Many of us have pets more dogs than anythign else.I myself have a dog and wanna know if anyone has any tip for me to keep him tip top shape.Since I am mostly homless unless im visiting my folks.And can't really afford check-ups all the time.Is there anything I should buy/steal for him..my dog is lactouse and tolerante to so i have to wacth him around ppl who think How poor my dog is and give him pastries and whatnot.


----------



## Ravie (Jul 17, 2008)

well, i personally just make sure my dog gets plenty of water and eats whenever she's hungry. because they are walking so much, they normally dont get over weight. be careful about the water they drink or swim in. if in a new town, ask the people who live there if the water is poluted or dirty(refering to lakes and rivers or beaches).
Oh, and an important one, heart worm medication. thats the only thing you do not want you dog getting. it is curable, but the cure its self is pricy and can kill your dog in the process. just keep close watch on him. if your worried about people giving him food, then if you have to get a mussle or keep him close to you.


----------



## Ravie (Jul 17, 2008)

eh, my dog is my best friend. and the only time she's on a leash is when we're by a road. but i do agree with what you said. thats how it "should" be, but humans have already corrupted their environment and watching their back is the least we can do. afterall, they are born domestic these days and dont have natural insticts of steering clear of a dumb ass driving on a sidewalk.


----------



## Matt Derrick (Jul 18, 2008)

Widerstand said:


> Show me a health train hopping dog and Ill show you the worlds most shocked person.



hahaha...


----------



## Ravie (Jul 18, 2008)

Widerstand said:


> Show me a health train hopping dog and Ill show you the worlds most shocked person.
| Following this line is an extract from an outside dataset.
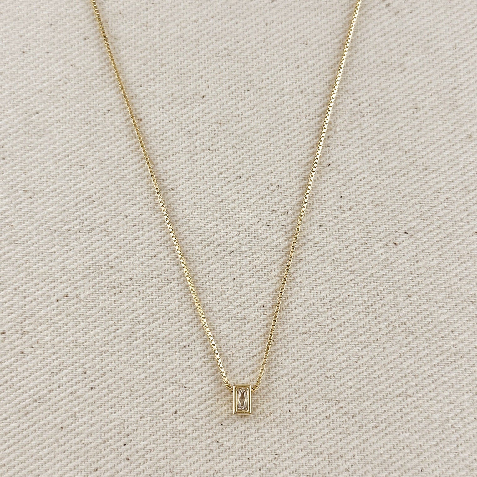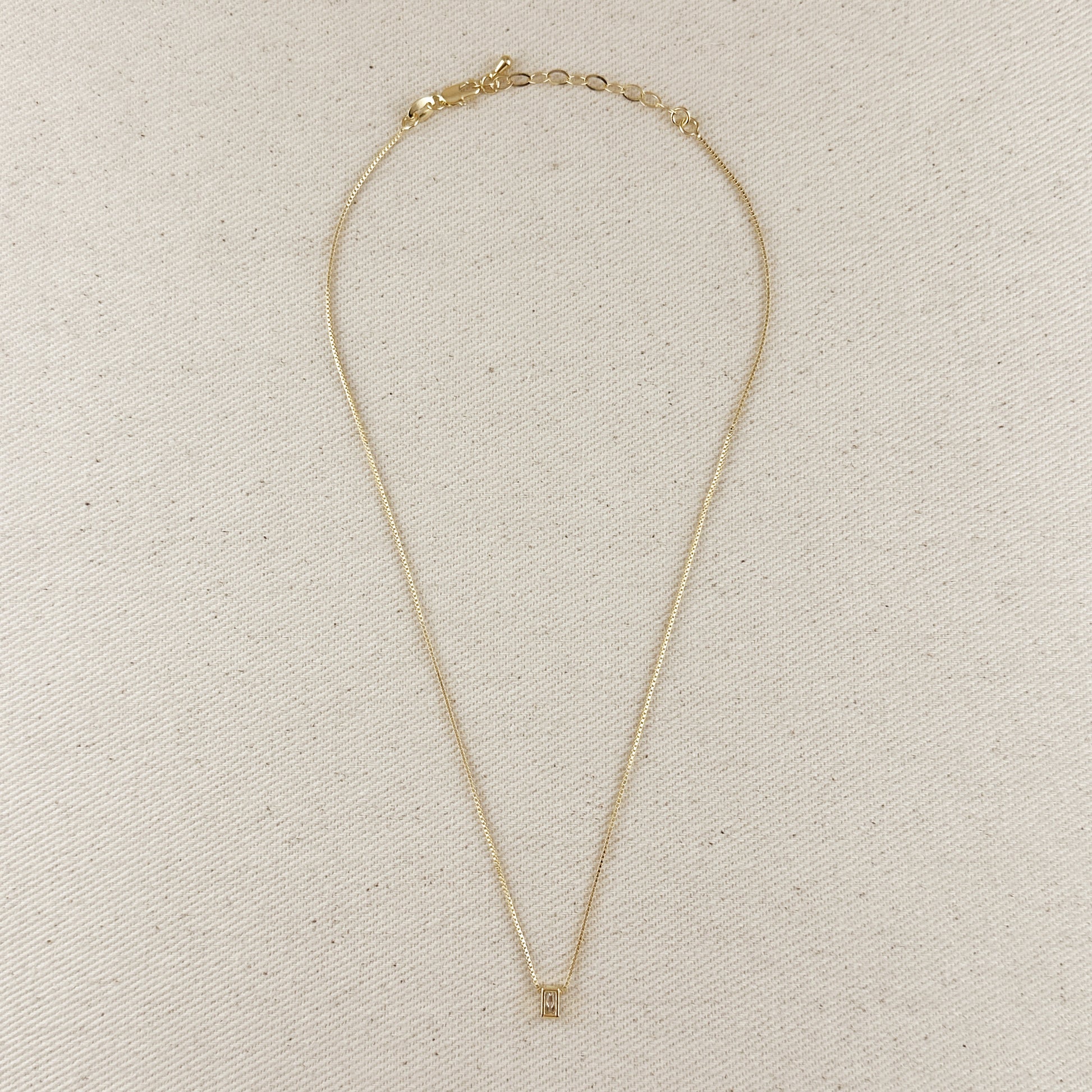 This elegant 18k Gold Filled Mini CZ Baguette Necklace combines modern sophistication with timeless appeal. The delicate pendant features a brilliant baguette-cut cubic zirconia stone that creates a subtle sparkle with every movement. The minimalist design makes it perfect for everyday wear, whether styled alone or layered with other necklaces for a personalized look.

im not a train hopper. i hitch. for the sake of my dog...and because im accident prone...


----------



## finn (Jul 20, 2008)

I was wondering how a trainhopper would protect a dog's hearing.


----------



## Ravie (Jul 20, 2008)

haha duh, just buy doggy ear muffs!


----------



## finn (Jul 20, 2008)

Heh, i just looked them up, hearing protectors made for hunting dogs. Pricey. But I've never seen a trainhopper with one.


----------



## soreusrex (Jul 29, 2008)

don't forget sneaky groundscoring. america loves em chicken bones on the sidewalks.


----------



## enocifer (Oct 24, 2008)

My dog has been lactating for the past months, but she's not pregnant. Her nipples are swollen, though. Anybody ever hear of anything like this? Also, she's chewing her back legs and the fur's turning from white to brown. Does that sound like mange? Any advice would be helpful.


----------



## dirty_feet (Oct 24, 2008)

Widerstand said:


> Show me a health train hopping dog and Ill show you the worlds most shocked person.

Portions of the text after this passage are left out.